The defensive posture underneath all of these is the same: short-lived, narrowly scoped tokens with rotation; strict audience validation so a token only works where it was meant to; an audit trail that logs every call with its source. Ody runs in the EU with per-organization isolation, role-based access, secrets encrypted with AES-256-GCM at rest, and an audit log of every capture, answer, and nudge with sources attached. The principle that ties the team knowledge graph together is that the agent never widens a permission it was given.

MCP security in three lines

It is not a long checklist if you hold three lines. Give the agent the least access that lets it work, and widen scope only when a real operation demands it. Keep everything you can as a read-only resource, and reserve callable tools for the few things that genuinely need to act. And gate every write behind a human, because the protocol will not do it for you. An agent that senses widely and acts only on a person's say-so is the safe shape. Everything else is detail.

If you want to see an MCP-callable knowledge layer that reads broadly and writes nothing on its own, book a demo or join the waitlist.

Common questions

What is the biggest security risk in MCP deployments?

Over-scoped credentials combined with unsupervised write tools.
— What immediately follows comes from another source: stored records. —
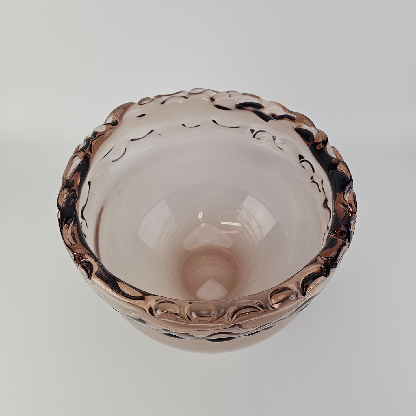 Skål i rosafarvet glas med bølget kant fra serien Rosamund
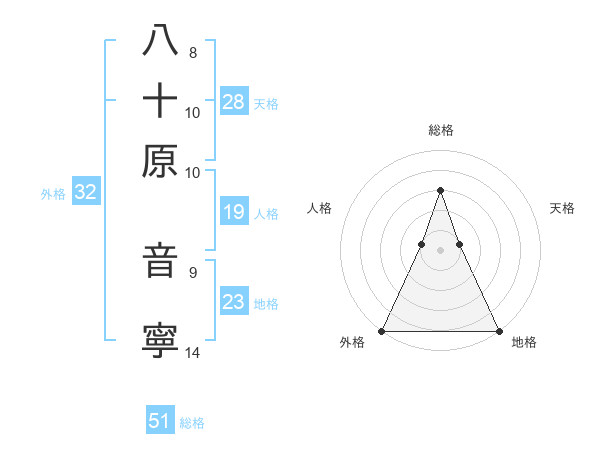 八十原 音寧さんの総格は51画の3点!
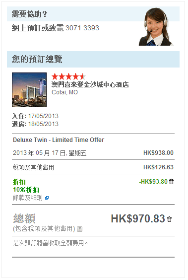 另外澳門喜來登金沙城中心酒店官網都可以訂到呢個優惠

Most teams hand an MCP server a broad API token because it is faster than designing narrow permissions. Then a prompt injection or a model misinterpretation turns that token into a write action nobody authorized. Scope tokens to the minimum required by each tool's declared purpose, and gate write operations behind explicit human confirmation rather than letting the model call them autonomously.

What is the difference between MCP resources and MCP tools from a security standpoint?
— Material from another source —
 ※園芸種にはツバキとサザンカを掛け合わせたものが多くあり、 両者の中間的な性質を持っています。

Resources are application-controlled: the host decides what data to load into context. The model reads it but cannot trigger it on its own. Tools are model-controlled: the LLM decides when to call them, which means it can call them without a human in the loop. Read access to a runbook or decision record is a resource. Sending a Slack message or merging a branch is a tool. Treat them differently: resources can be broad; tools should be narrow, annotated honestly, and gated on writes.
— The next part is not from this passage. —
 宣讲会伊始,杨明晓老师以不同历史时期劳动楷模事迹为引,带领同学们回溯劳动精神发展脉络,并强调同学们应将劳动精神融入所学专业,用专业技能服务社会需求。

How should MCP authentication be structured for agent workloads?

Use OAuth 2.1 with PKCE for remote MCP servers. Issue short-lived access tokens (5 to 60 minutes) and rotate refresh tokens on every use. Add resource indicators (RFC 8707) so each token is valid only for its intended audience. Never pass through a user OAuth token from the host directly to the server - exchange it so the downstream token is scoped to the specific operation and never broader than what the delegating user is allowed to do.

Is tool poisoning a real threat in MCP, and how do you defend against it?

Yes. A 2025 study of 1,899 open-source MCP servers found about 5.5% had tool-poisoning issues: deceptive tool descriptions, injected responses, or data redirected to unauthorized endpoints. Defenses are practical: only connect servers you control or have audited; pin server versions; review tool descriptions before deployment; and apply a human-approval gate on any tool that writes, sends, or deletes.